Start with the visible meters: virtual machines or containers by hour, serverless invocations by request and duration, storage classes by gigabyte and retrieval, load balancers, public IPs, managed databases, and snapshots. Track region choices and network egress carefully, since cross‑zone, cross‑region, and internet transfer behaviors can silently dominate monthly variations across busy periods.
Add the efforts that never appear on a provider invoice: SRE shifts, on‑call rotations, incident reviews, CI/CD pipeline maintenance, infrastructure‑as‑code upkeep, vulnerability patching, compliance evidence gathering, knowledge sharing, and onboarding. Converting effort into money clarifies unit economics and reveals where automation, standards, and self‑service platforms produce durable savings during the three‑year journey.

Measure CPU, memory, and I/O profiles before moving. Rightsize instance families, set intelligent autoscaling, and schedule non‑production shutdowns. Model seasonal peaks and marketing events as explicit surge windows. A retailer we advised cut 27% by tightening headroom after observing realistic traffic, without degrading user experience during holiday spikes.

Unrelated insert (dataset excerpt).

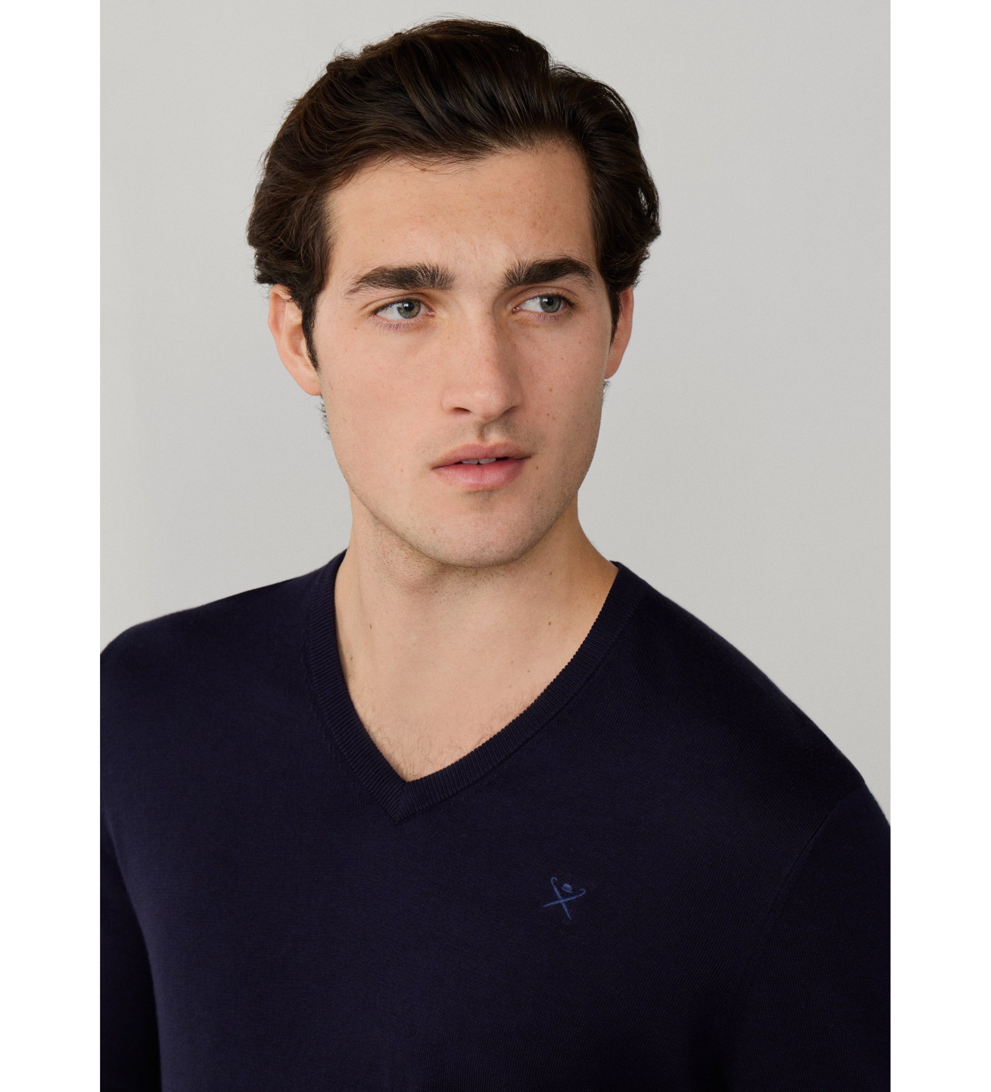 Hackett London JERSEY COTTON SILK V NECK MARINO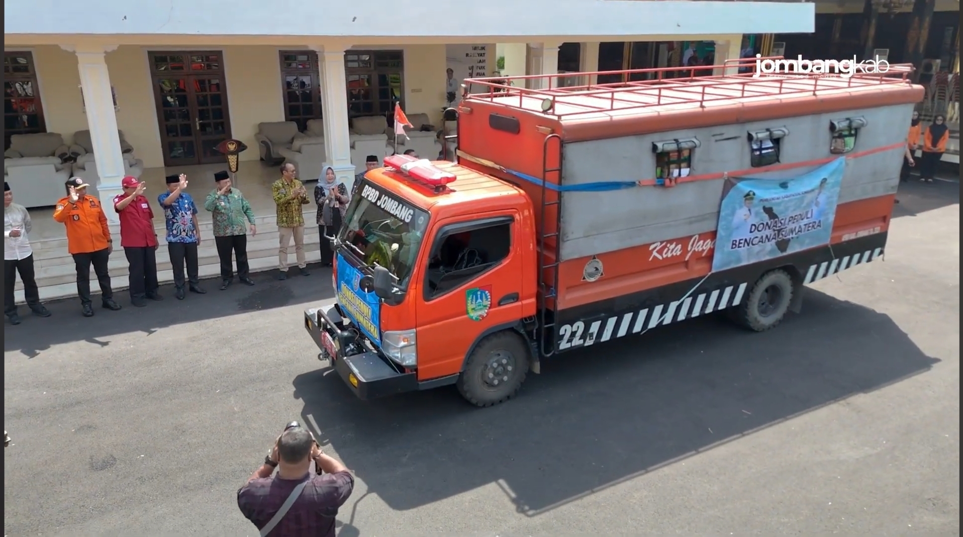 JOMBANGKAB – Bupati Jombang, Warsubi S.H., M.Si., Jumat (12/12/2025) pagi, melepas pemberangkatan bantuan kemanusiaan dari Pendopo Kabupaten Jombang. Bantuan ini ditujukan bagi saudara-saudara sebangsa yang tengah terdampak bencana alam di wilayah Sumatera.

Blend commitment instruments to match steady baselines while keeping flexibility for growth. Multi‑year reservations can deliver meaningful reductions, but carry utilization risk if workloads shrink. Layer monthly savings plans or committed‑use discounts for variable portions. Plot break‑even points, renewal dates, and cancellation clauses so finance and engineering make synchronized, low‑regret decisions.

Selecting regions for latency or sovereignty impacts costs through storage replication, cross‑region traffic, and availability zone distribution. Private connectivity can reduce egress but adds port fees. Keep data gravity in mind: placing analytics near operational stores avoids expensive back‑and‑forth pipelines and lowers end‑to‑end processing time under real‑world workloads.